The ELISA results suggested that anti-PD-L1-VHH did not share the same binding epitope as durvalumab on the rhPD-L1 protein (Fig. 2G). This provides great potential for using anti-PD-L1-CD16a-IL15, alone or in combination with durvalumab, to treat PD-L1-positive cancer. The combination therapy of trastuzumab with pertuzumab, another anti-Her2 antibody that binds to a different epitope than trastuzumab, is more effective in the clinic [58,59]. In addition, we are assessing whether anti-PD-L1-CD16a-IL15 has synergistic effects in inhibiting PD-L1-positive tumors when in combination with durvalumab, avelumab, or atezolizumab. This study will provide potentially more effective combinations than the current treatments in PD-L1-positive cancer.

In summary, we provide a novel format for a trifunctional antibody-fusion protein, anti-PD-L1 VHH, with anti-CD16a VHH and IL-15/IL-15Ra. This format consisted of a tumor-directed anti-PD-L1 single domain antibody, anti-CD16a VHH, and IL-15/IL-15Ra. In addition, anti-PD-L1-CD16a-IL15 fusion proteins can be expressed and purified from HEK-293F cells with good solubility and stability. Furthermore, the flow cytometry assay and ELISA showed that the anti-PD-L1 VHH antibody could bind to PD-L1-positive cells. Interestingly, anti-PD-L1-CD16a-IL15 fusion proteins also potently and specifically stimulate immune cell proliferation in vitro. In vivo studies demonstrated that anti-PD-L1-CD16a-IL15 fusion proteins could suppress tumor growth in the presence of PBMCs in NOD/SCID and NSG mice.

In conclusion, considering its potential anticancer activities, the lower molecular weight of anti-PD-L1-CD16a-IL15 may allow for improved tumor tissue penetration, reduce the off-tumor expansion of NK cells or T cells, diminish systemic toxicity, and efficiently inhibit tumor growth. The potential to use anti-PD-L1-CD16a-IL15 to treat PD-L1-overexpressing cancer combined with current anti-PD-L1 therapeutics. Therefore, trifunctional antibody-fusion proteins provide a new promising immunity therapeutic.

Author contributions

Conception and design of the study: Y.L., X.F., H.W.; experimental performance: Y.L., L.W., Y.L., S.M., B.H; data collection and analysis and explanation of experiments: Y.L., H.W.; drafting and critical revision of the manuscript: Y.L., X.F., H.W. All authors approved the final version of the manuscript.

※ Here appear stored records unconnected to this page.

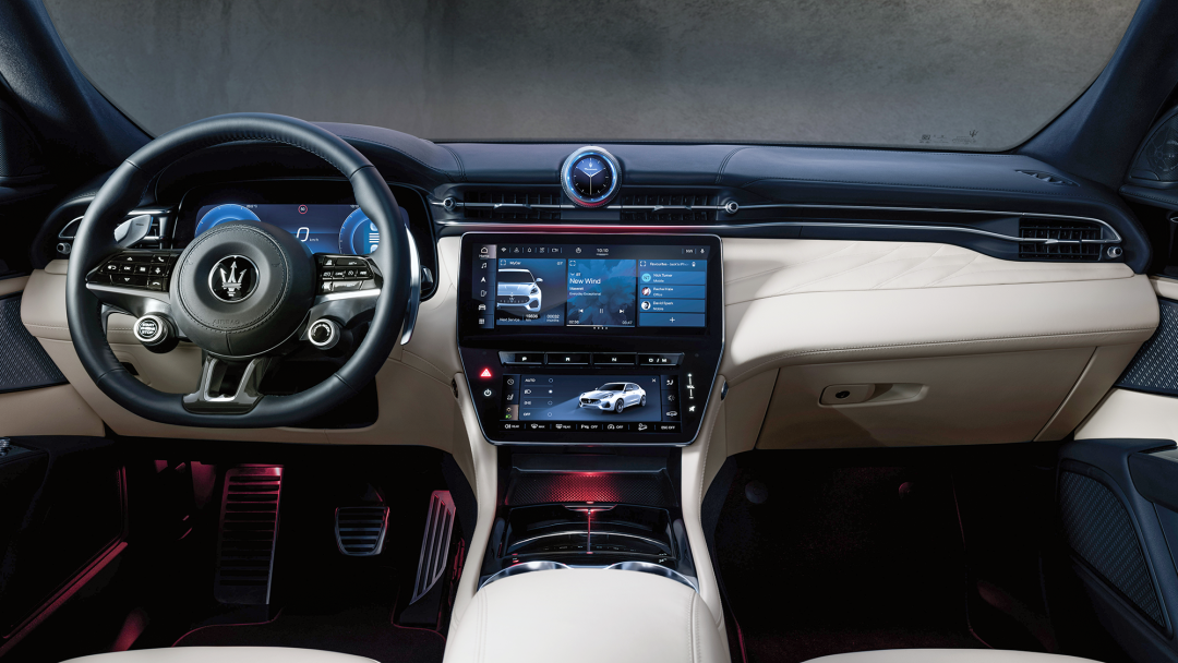 Grecale的内饰部分采用了12.3英寸全液晶仪表+12.3英寸中控屏+8.8英寸空调面板触控屏的三屏设计,但中控台依然保留了比较丰富的线条设计,给人一种传统与科技结合的视觉效果。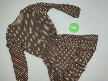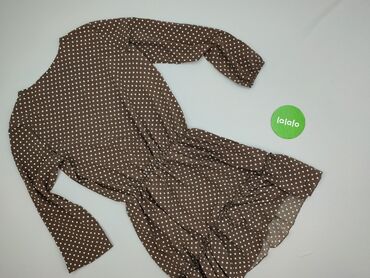 Sukienka damska mini w kropki, brązowa z białym wzorem - Fason: rozkloszowana, z falbanami na spódnicy - Rękawy: długie, lekko bufiaste - Dekolt/stójka: delikatna stójka z falbanką - Zapięcie: rzą...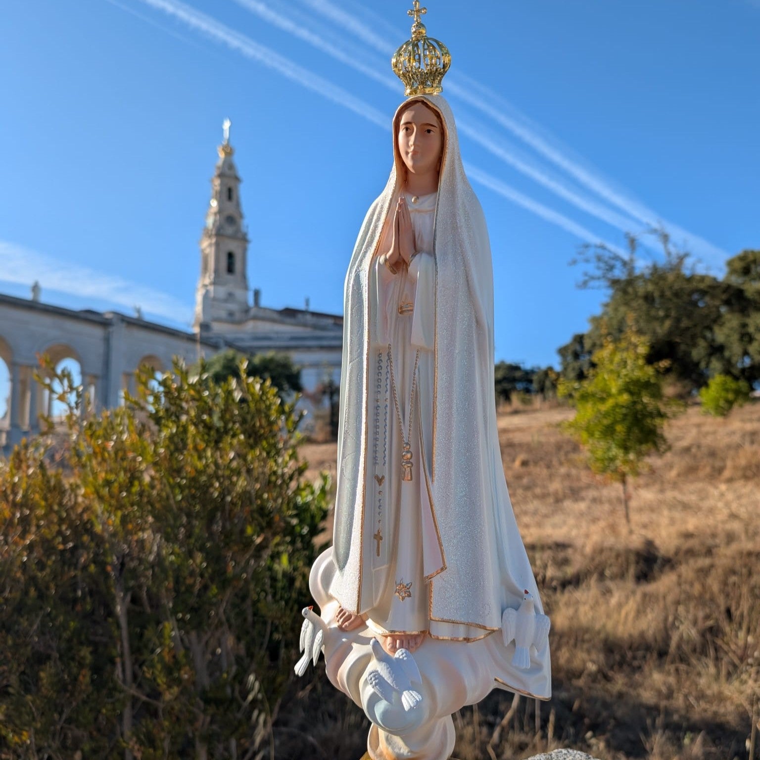 Our Lady of Fatima, the Blessed Virgin Mary, is known for Her apparitions in 1917 to three shepherd children at Cova da Iria, in Fatima, Portugal.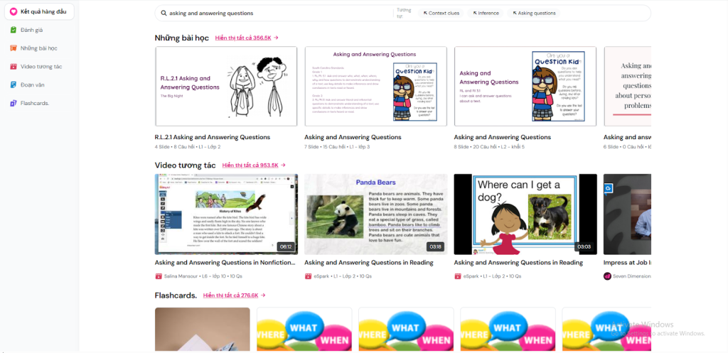 Thư viện tài nguyên trực tuyến, bao gồm bài học, video tương tác, flashcards,…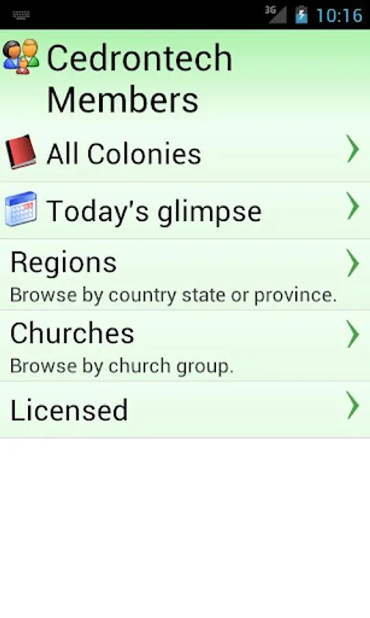 As soon as the application is installed, you have access to Hutterian geography, contact, and population data. This aspect of Members is free and available for anyone.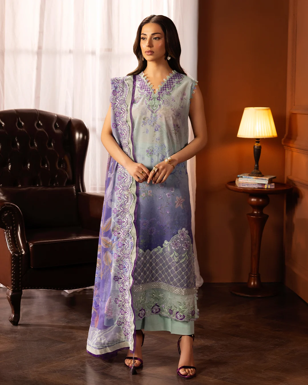 Unstitched 3 Piece Embroidered Swiss Lawn Dress With Embroidered Chiffon Dupatta GullJee Safaira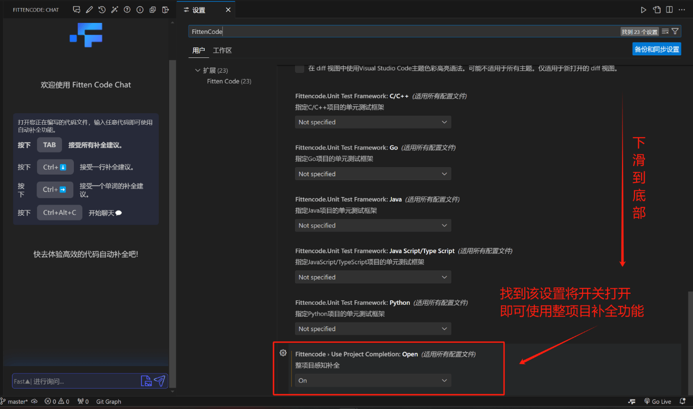 Fitten Code 的整项目感知补全功能,实现了可以在用户编写代码时分析用户的整个项目给出补全建议,而不只是单纯的对于基于单个文件给出补全建议。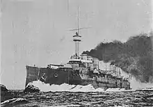 After returning to France, the ship's mainmast was removed to allow her to tow a balloon and anti-aircraft guns were installed on the roofs of the after 164 mm gun turrets.[6] Ernest Renan finished her active career as a gunnery training ship from 1927 to 1929, after which she was stricken from the naval register.[13] During her tenure in the gunnery school, she was commanded by Émile Muselier, who went on to serve as the commander of the Free French Naval Forces during World War II.[14] In 1931, the old cruiser was expended as a target ship for aircraft and naval gunners.[6][Note 3]

RB/Ethical review board approval or patient consent/approval as a statement

Procedures for the collection and use of blood samples were approved by the Human Research Ethics Committee of the First Affiliated Hospital of Guangxi Medical University, and all subjects provided informed consent. All animal experiments were carried out with the approval of the Ethical Committee of Guangxi Medical University.

Data available on request from the authors

The data that support the findings of this study are available from the corresponding author, [X.F] and [H.W], upon reasonable request.

Declaration of Competing Interest

The authors declare no competing interests.